Collection entries:
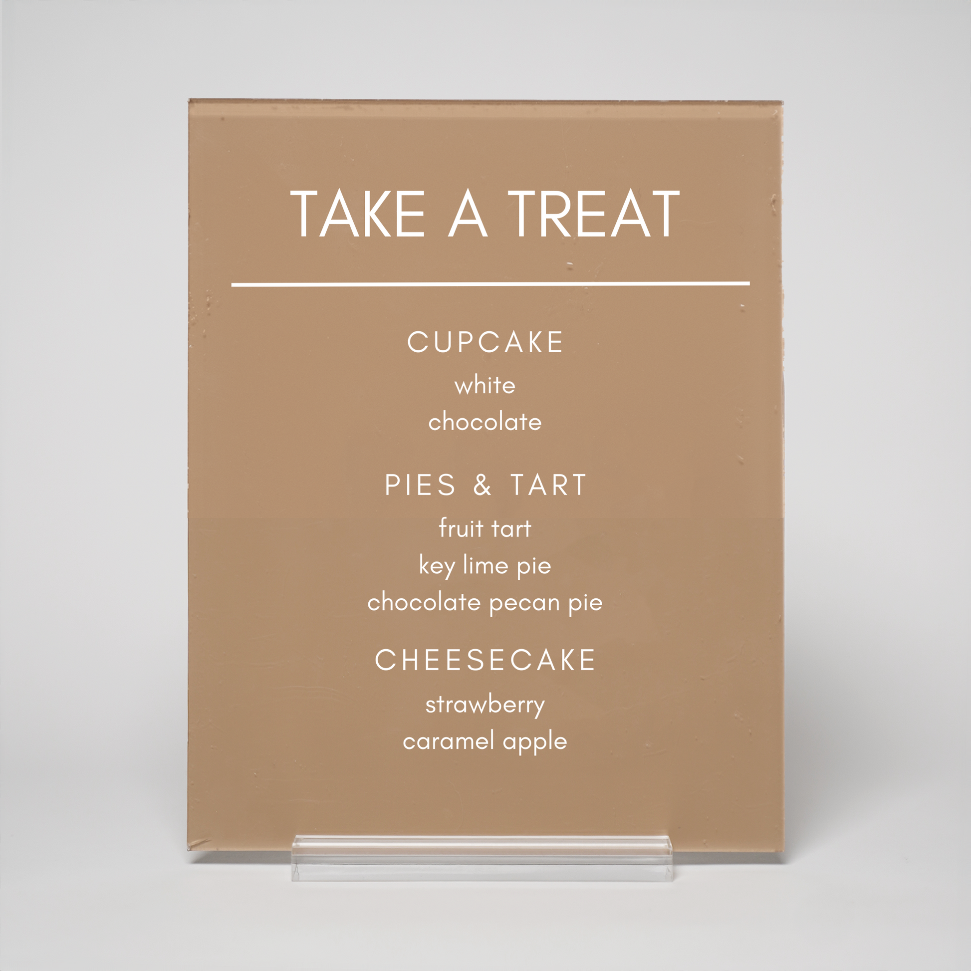 Add a special touch to your dessert table with this customizable 8" x 10" acrylic dessert menu sign.
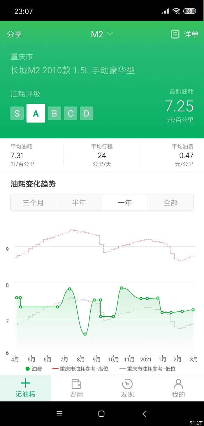 自动挡,经常跑城乡结合路段,二级公里乡村公路各种钓鱼路段,平均都是1箱油500公里左右就要去加油了。
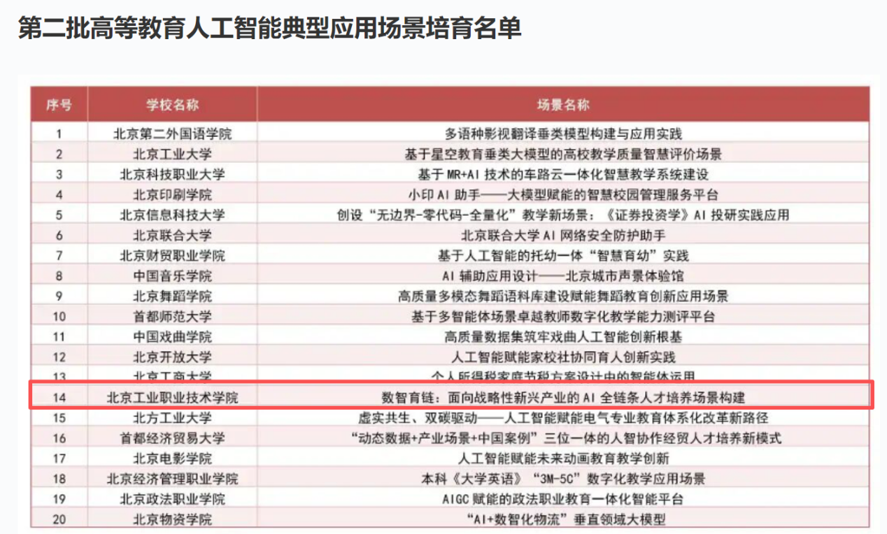 近日,北京市教委公布首批人工智能应用场景标杆学校培育名单,我校成功入选首批 50 所培育学校。同时,在北京市第二批高等教育人工智能典型应用场景评选中,我校申报的“数智育链:面向战略性新兴产业的 AI 全链条人才培养场景构建”项目脱颖而出,成为全市 20 个典型应用场景之一,实现市级荣誉双丰收。
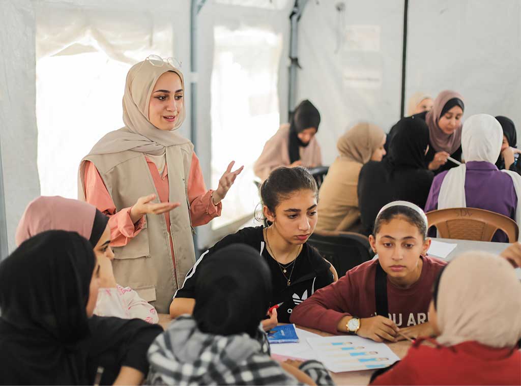 فريق من المتطوعين المتحمّسين لدعم اليافعين والأطفال، وزيادة التوعية، وتصميم المُبادرات المجتمعية التي تُقدّم أثرًا ملموسًا في الحياة اليوميّة في قطاع غزّة.
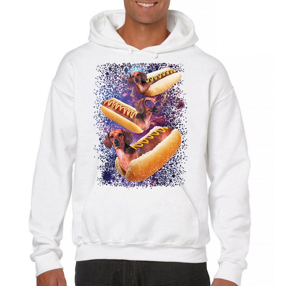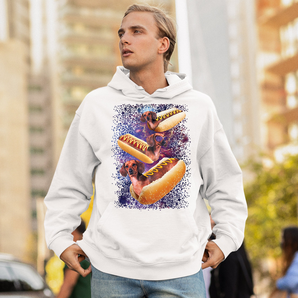 Add a dash of humor to your wardrobe with our unique design featuring adorable dachshunds as hotdogs in a cosmic setting. This playful graphic is perfect for animal lovers and those with a quirky sense of style. The vibrant colors and detailed illustration ensure you stand out in any crowd. Made from premium materials, this tee offers both comfort and durability, making it ideal for everyday wear or special occasions. Embrace your love for dogs and space with this fun and imaginative design.
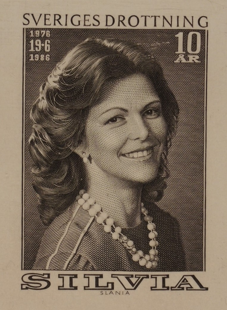 El buril mágico de Slania tuvo una princesa, Grace Kelly, y una reina: Silvia de Suecia, de la que acabamos de ver esa maravillosa viñeta con que este artista opulento celebró el décimo aniversario de su reinado eterno. Y es que Silvia fue coronada en 1976, justo cuando Slania tenía muy establecida ya su supremacía artística en la filatelia de Suecia.
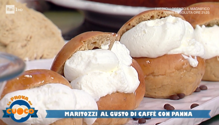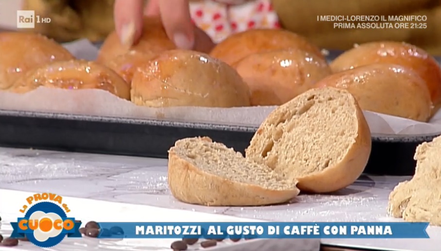 Preleviamo dei panetti (di 50-60 g) dall’impasto lievitato, formiamo delle palle lisce, quindi le allunghiamo leggermente, in modo da ottenere la forma classica del maritozzo. Copriamo e lasciamo lievitare ancora fino al raddoppio. Inforniamo a 190° per 6-10 minuti circa. Lasciamo raffreddare, quindi tagliamo a metà, lasciando unite le due metà su un lato. Farciamo con la panna montata. Finiamo con zucchero a velo e polvere di caffè.
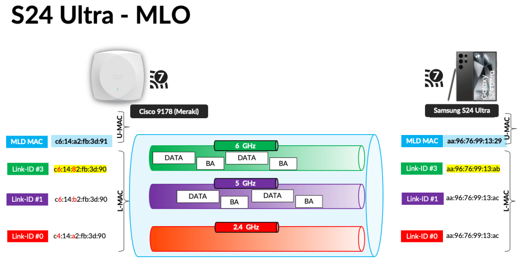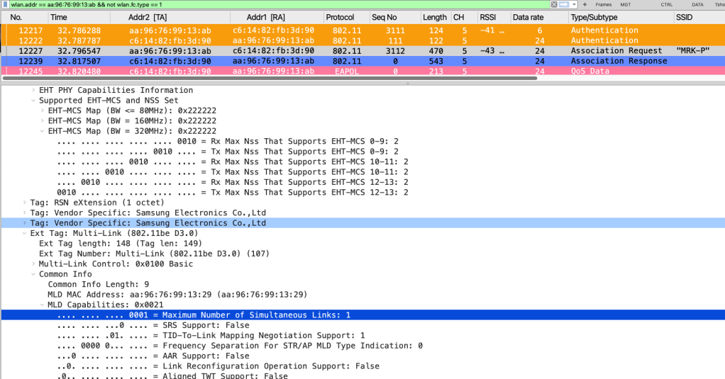 I believe this behavior is due to the availability of 320 MHz bandwidth on 6 GHz. When operating in this mode, the client may not aggregate traffic from additional links as part of MLO. As a result, the maximum PHY rate observed is 5.8 Gbps, which corresponds to MCS 13 (4096‑QAM) with a 320 MHz channel. You can filter S24Ultra traffic using wlan.addr == aa:96:76:99:13:ab && not wlan.fc.type == 1 of those two captures taken during my test.
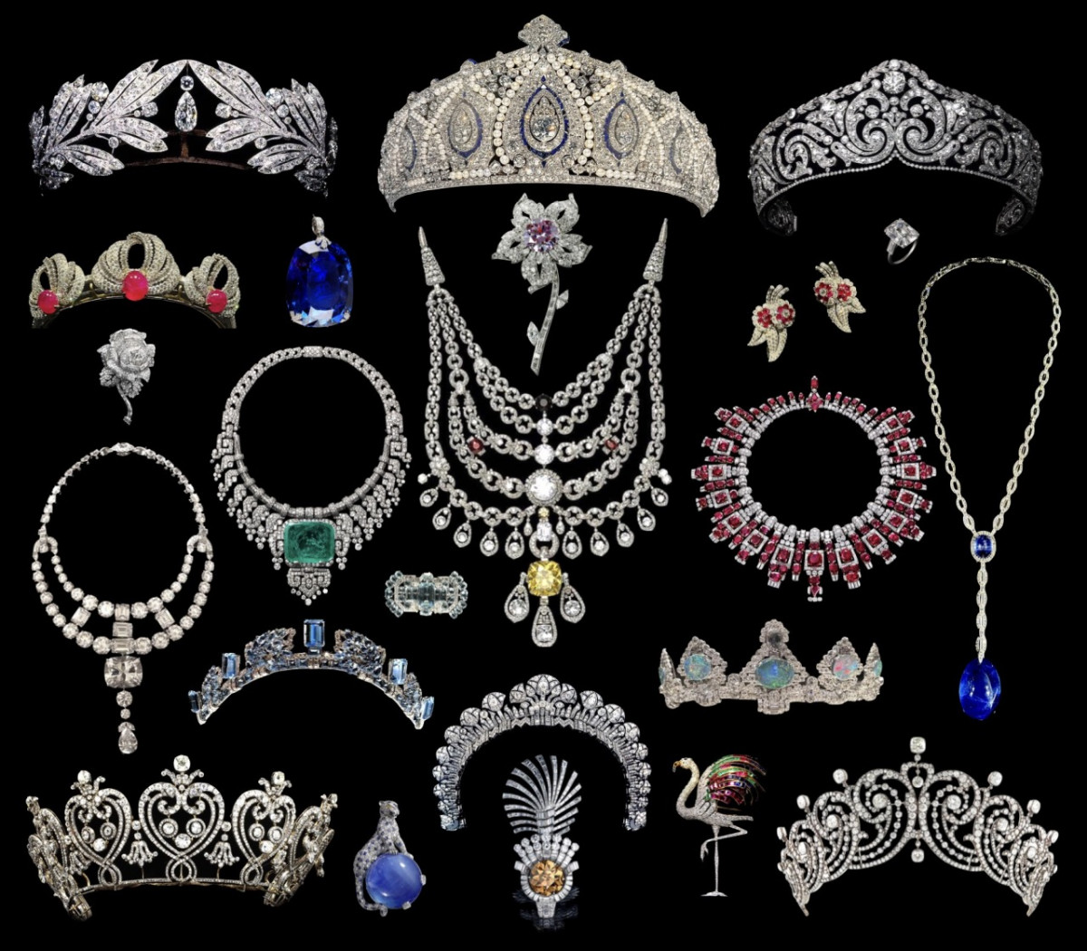 - Entre las piezas destacadas se encuentran el broche de diamante rosa Williamson, encargado por la reina Isabel II en 1953, el collar de serpiente articulado de María Félix y la tiara Scroll, usada por figuras como Rihanna.
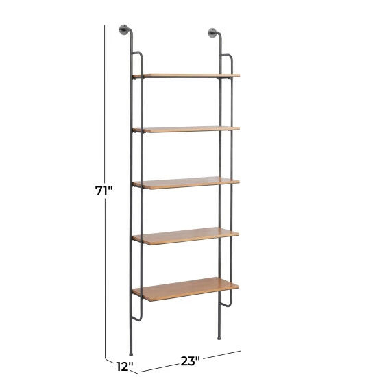 Accessorize your living space and bring a feel-good vibe with this functional wall shelf that provides optimal storage solution. Utilize your wall space to add more storage for a space saving solution in any compact area. Maintain an organized home to create comfort and a welcoming atmosphere. This item comes shipped in one carton. Item comes with round metal plates with screw slots. Suitable for indoor use only. This furniture has 5 shelves. Industrial Design. Item has max weight of 15 lbs.
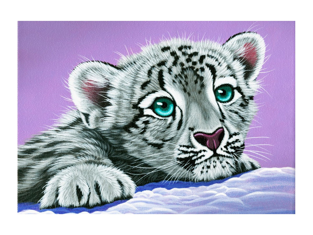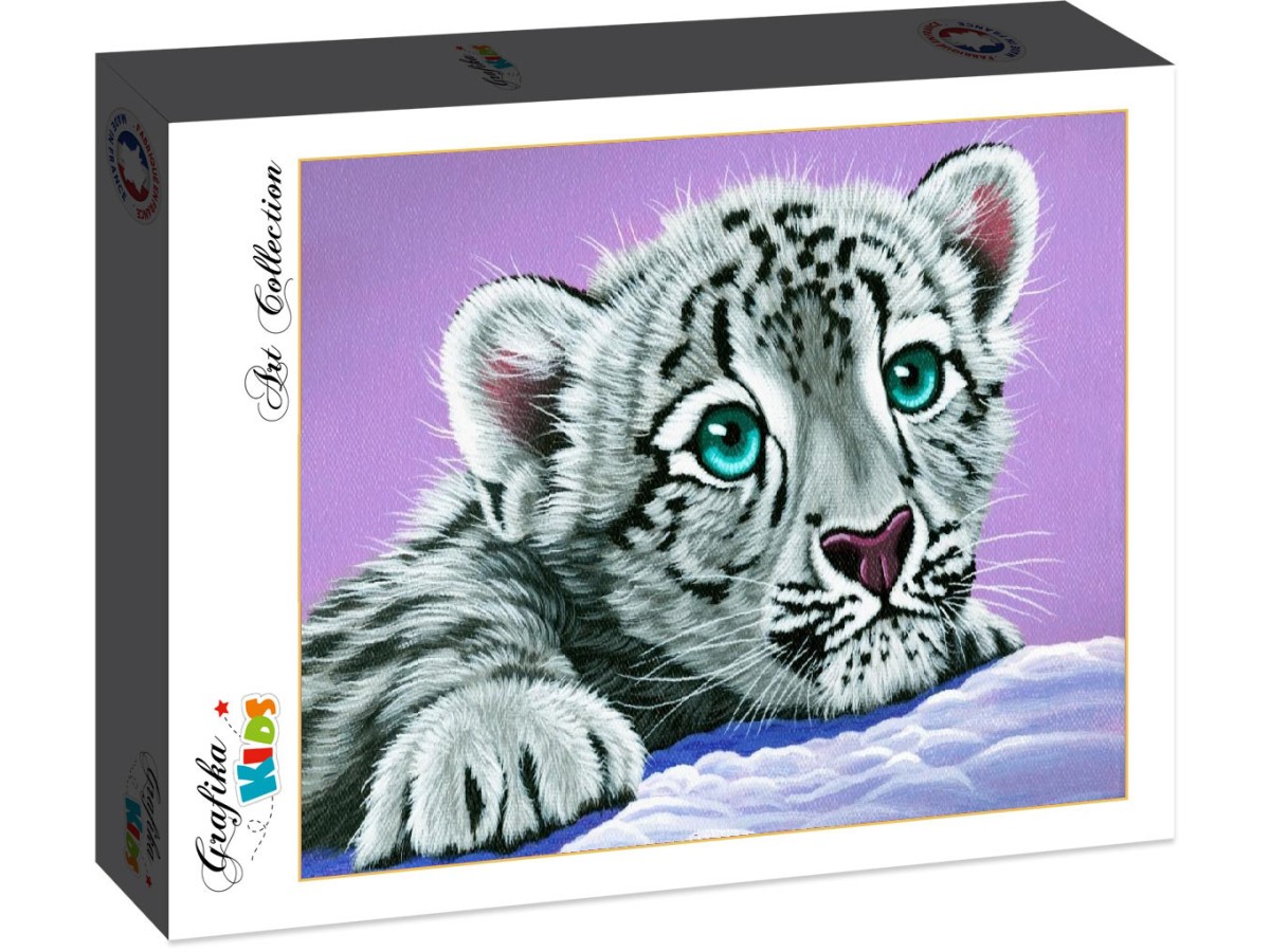 Imaginea acestui puzzle cu 48 piese de la Grafika Kids surprinde un pui de leopard zăpadă, cunoscut pentru ochii săi hipnotizanți de albaștri și blana gri cu dungi negre subtile. Animalul stă culcat, privind direct spre privitor, iar detaliile meticuloase ale blănii sunt uimitor de realiste, sugerând o lucrare de tip ilustrație digitală.
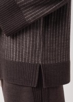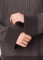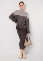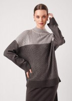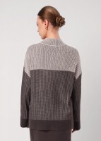 Вязаный джемпер из акриловой пряжи, свободного силуэта. Округлая горловина с бейкой. Длинный рукав со спущенной линией плеча. Контрастная кокетка. По низу изделия и рукавов манжеты. Боковые разрезы.
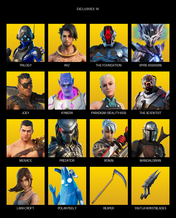Lara Croft, Trilogy, Raz, The Foundation, Spire Assassin, Joey, Kymera, Paradigm (Reality-659), Menace, Predator, Ronin, Mandalorian, Haven, Reese, Zyg, Groot, Mystique, Shanta, Guggimon
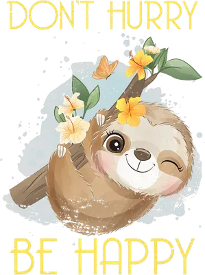 Sloth "Don't Hurry Be Happy" DTF Transfer | Cute Floral Animal Design

■ Work task:
Using the data above, print only the lines starting at the one with "Imaginea acestui puzzle" and ending at the one with "Вязаный джемпер из", exactly as they stand, minus the pictures.

■ Response to the exercise:
 Imaginea acestui puzzle cu 48 piese de la Grafika Kids surprinde un pui de leopard zăpadă, cunoscut pentru ochii săi hipnotizanți de albaștri și blana gri cu dungi negre subtile. Animalul stă culcat, privind direct spre privitor, iar detaliile meticuloase ale blănii sunt uimitor de realiste, sugerând o lucrare de tip ilustrație digitală.
 Вязаный джемпер из акриловой пряжи, свободного силуэта. Округлая горловина с бейкой. Длинный рукав со спущенной линией плеча. Контрастная кокетка. По низу изделия и рукавов манжеты. Боковые разрезы.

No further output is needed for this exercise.